This Part of the article empirically analyses the extent to which the policy considerations relating to the enforcement of directors’ duties by statutory agencies, as discussed in Part III, have been applied in practice. This analysis is conducted by reference to a 10-year dataset of civil, criminal and administrative matters brought by ASIC and the CDPP that were finalised between 1 January 2005 and 31 December 2014. It begins with an explanation of the method used to collect and classify the data and then presents the research findings as they relate to each of the three key policy considerations discussed in Part III.

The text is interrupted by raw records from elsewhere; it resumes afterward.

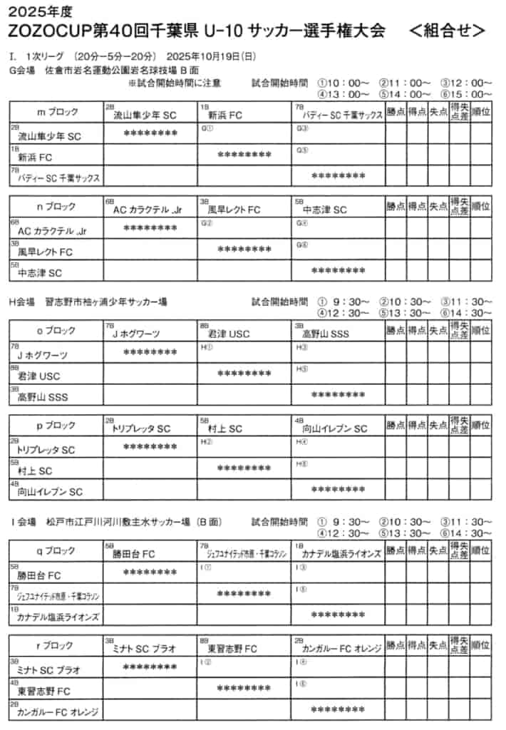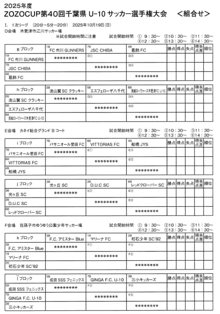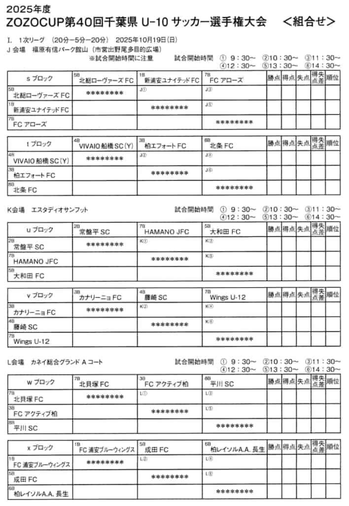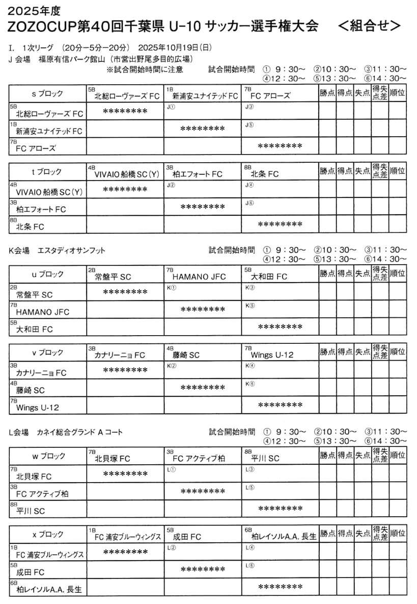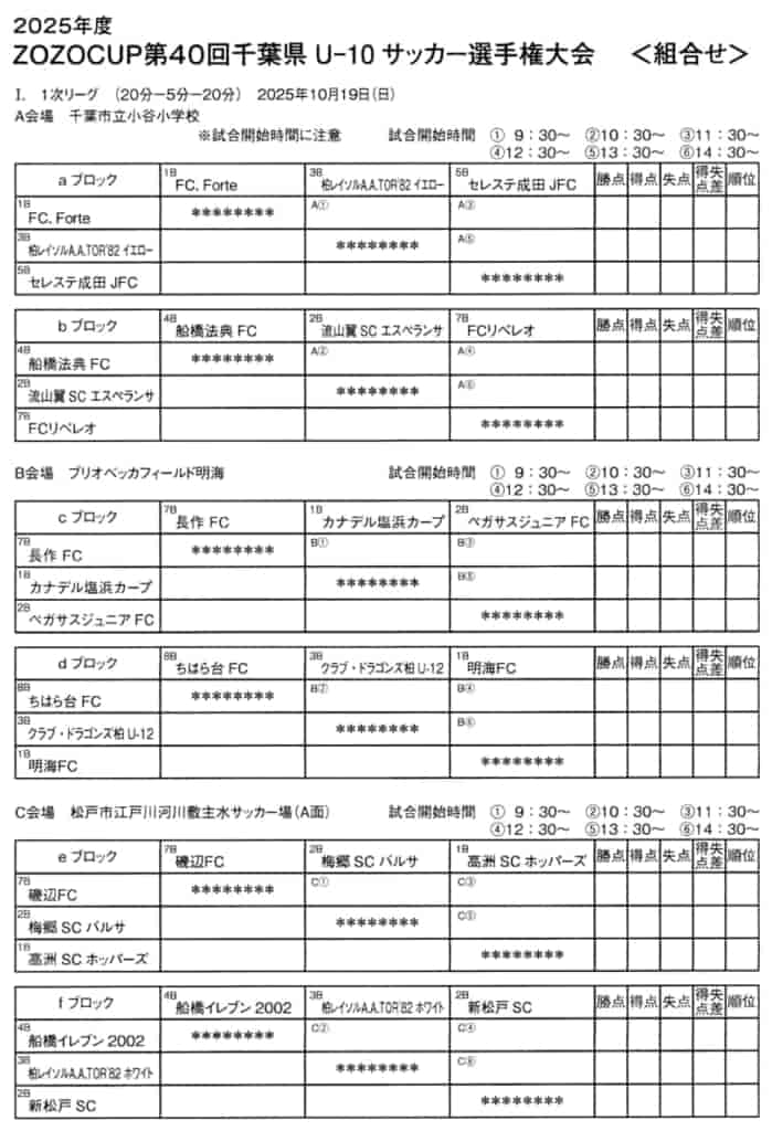 この度は、2025年度 ZOZOCUP 第40回千葉県U-10サッカー選手権大会(中央大会)の情報提供ありがとうございます!
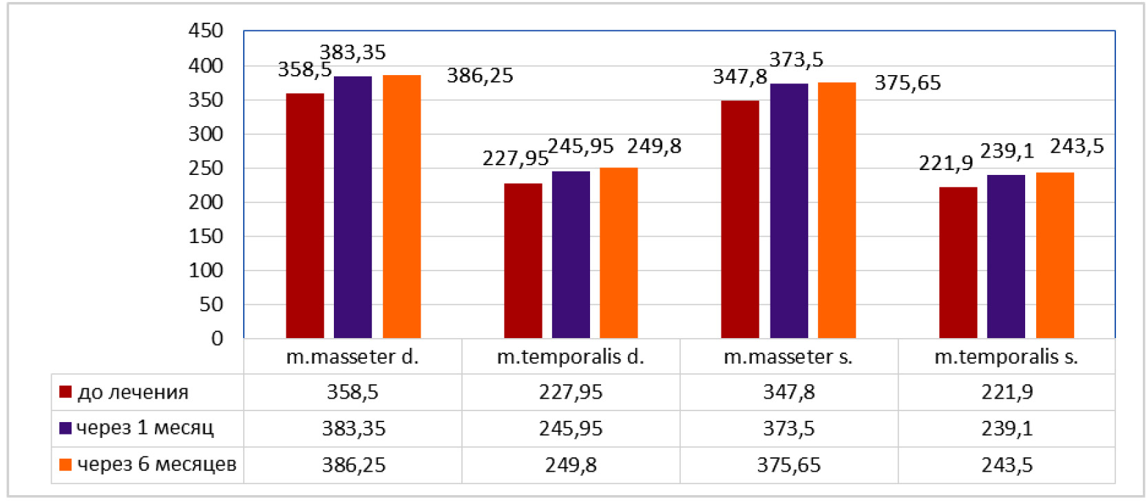 Через 1 месяц после лечения получили, что в основной группе средняя амплитуда электромиографии в мкВ составила: для правой стороны собственно жевательной мышцы 454,65 ± 2,50 и височной мышцы 304,9 ± 5,84; для левой стороны собственно жевательной мышцы 434,9 ± 5,84 и височной мышцы 296,65 ± 2,41. Через 1 месяц после лечения получили, что в контрольной группе средняя амплитуда электромиографии в мкВ составила: для правой стороны собственно жевательной мышцы 374,8 ± 10,42 и височной мышцы 291 ± 9,42; для левой стороны собственно жевательной мышцы 351,4 ± 12,24 и височной мышцы 273,1 ± 8,44 (при p < ,05).
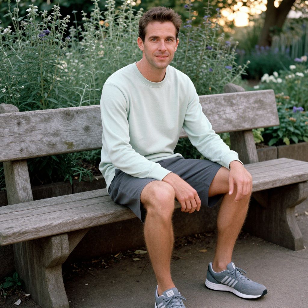 A man, soft long sleeve crew neck, pastel green, charcoal gray shorts, gray tennis shoes, casual yet sporty look, fragrant herb garden, rustic wooden benches, kodak sp analog photo, relaxed smile, warm sunlight filtering through leaves. Man has masculine face and piercing eyes
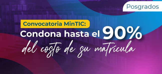 Estudie en la Escuela Colombiana de Ingeniería a través de la convocatoria 'Formación TIC para el Cambio: Posgrados' del Ministerio de Tecnologías de la Información y las Comunicaciones. A través de esta convocatoria, los colombianos pueden acceder a un crédito condonable de hasta el 90% del costo de la matrícula de programas de especialización.
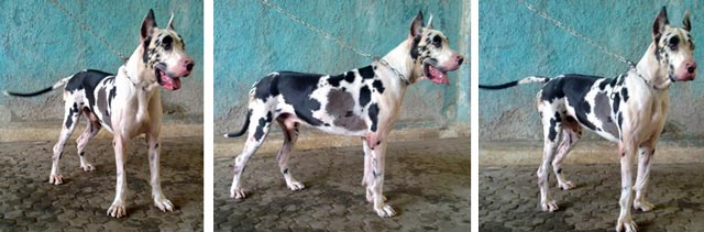 Menyediakan anjing pejantan Great Dane berwarna harlequin dengan bodi proposional dan daya turun istimewa.
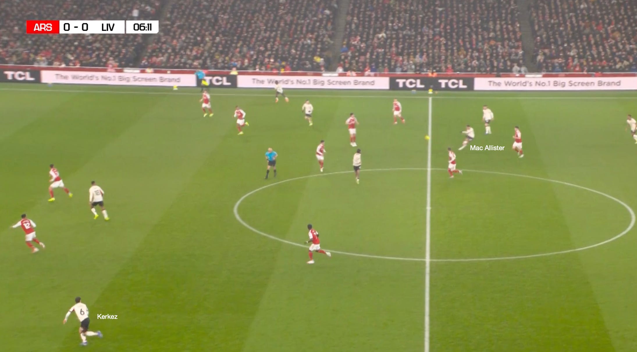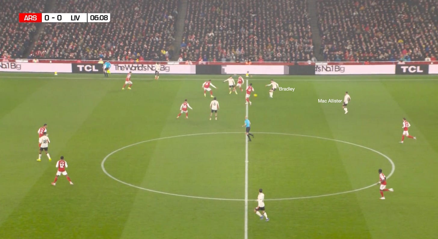 In layman’s terms, Liverpool have the spare man, and they exploit it here, following Rice eventually jumping to Mac Allister, with the latter finding Bradley, and now they are out. Soon after some tidy short combinations between Liverpool players on this side, Mac Allister receives the ball and delivers a huge switch of play to Milos Kerkez on the far side.
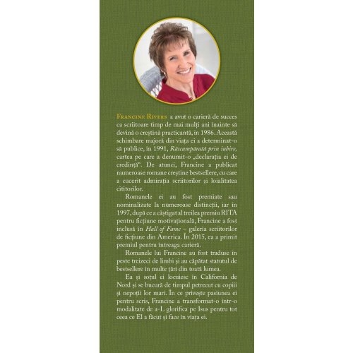 Francine Rivers a avut o cariera de succes ca scriitoare timp de mai multi ani inainte sa devina o crestina practicanta, in 1986. Aceasta schimbare majora din viata ei a determinat-o sa publice, in 1991, Rascumparata prin iubire, cartea pe care a denumit-o „declaratia ei de credinta“. De atunci, Francine a publicat numeroase romane crestine bestsellere, cu care a cucerit admiratia scriitorilor si loialitatea cititorilor.
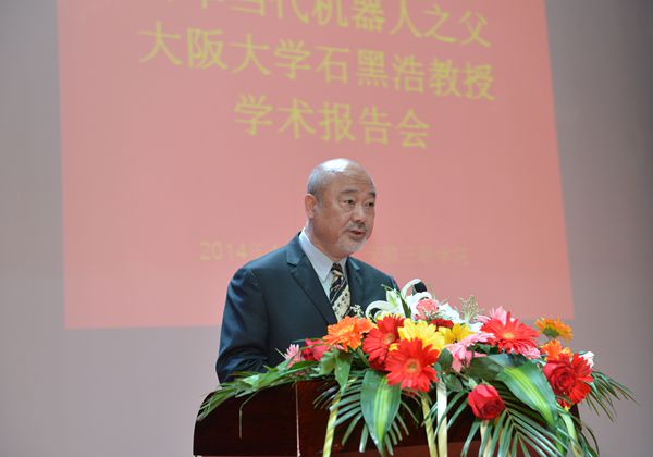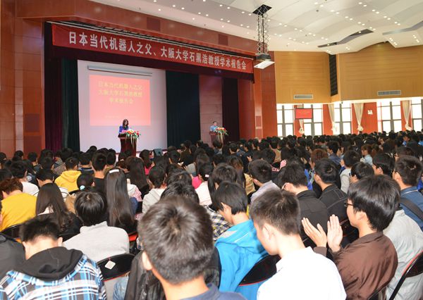 15日上午,石黑浩教授实地考察了安徽三联学院,并在多功能厅作了题为“现代机器人技术及其应用”的学术报告。院长金会庆教授致欢迎词,安徽省科协副主席、副院长宋扬博士主持报告会。省科技厅高新技术发展及产业化处主任科员王克、合肥市科技局国际合作处处长吴剑应邀参加报告会。

The authors’ research located 27 civil matters (involving 78 defendants) and 72 criminal matters (involving 83 defendants)[168] brought by ASIC and the CDPP in which a final judicial determination was made between 1 January 2005 and 31 December 2014 as to whether or not there was a contravention of the following provisions: ss 180–4, 191, 195, 209 and 588G of the Corporations Act 2001 (Cth). The dataset of civil and criminal matters only includes those matters in which a final judicial determination was made; it does not
include interlocutory proceedings or matters that were discontinued
or settled.
The relevant date for the purposes of inclusion in the dataset was the date of the final judicial determination, not the date of commencement of proceedings. In a number of instances, the proceedings commenced prior to the study period (ie, prior to 1 January 2005), as the enforcement processes in directors’ duties matters can be protracted. In respect of superior court matters, the average duration of the civil and criminal enforcement processes from the date of the earliest contravention documented in the judgment to the final determination was 6.9 and 7.9 years respectively.[169]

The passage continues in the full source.